* **Data segment**:
== == ==
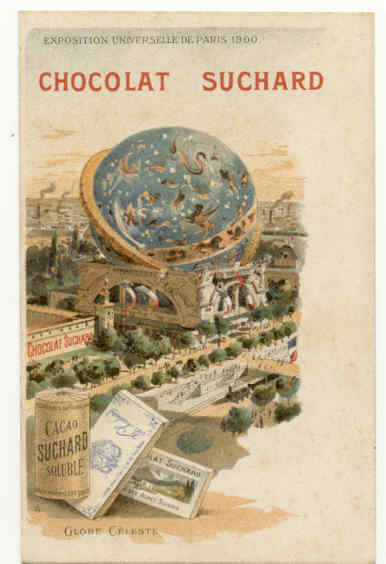 Postcard: SUCHARD: Paris Expo 1900 series - Globe Celeste. V sl foxing o/w BG - VG (Celestial Globe in the Exposition Universelle of 1900)
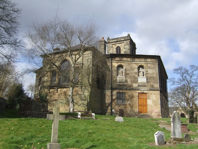 St Michael's parish church, Madeley, Shropshire, seen from the southeast. Centre left behind the birch tree is the chancel added in 1910.
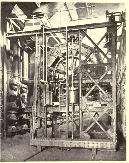 The use of a stoking machine in the manufacture of coal gas.
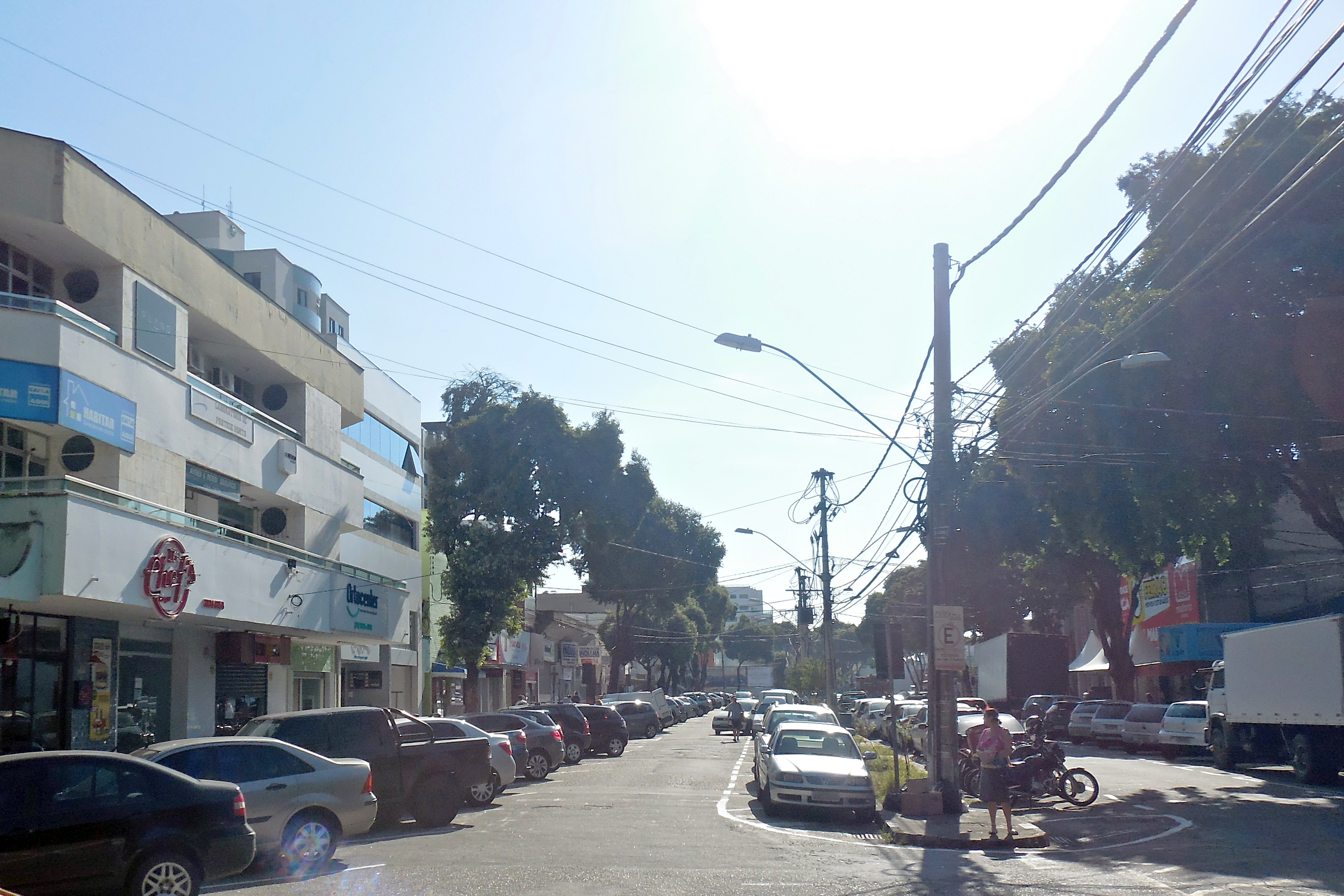 Commerce in the Horto neighborhood, in Ipatinga, Minas Gerais, Brazil.
== == ==
* **What is needed**: Each line above must be repeated exactly in the answer, with pictures omitted.

* **Solution below**:
 Postcard: SUCHARD: Paris Expo 1900 series - Globe Celeste. V sl foxing o/w BG - VG (Celestial Globe in the Exposition Universelle of 1900)
 St Michael's parish church, Madeley, Shropshire, seen from the southeast. Centre left behind the birch tree is the chancel added in 1910.
 The use of a stoking machine in the manufacture of coal gas.
 Commerce in the Horto neighborhood, in Ipatinga, Minas Gerais, Brazil.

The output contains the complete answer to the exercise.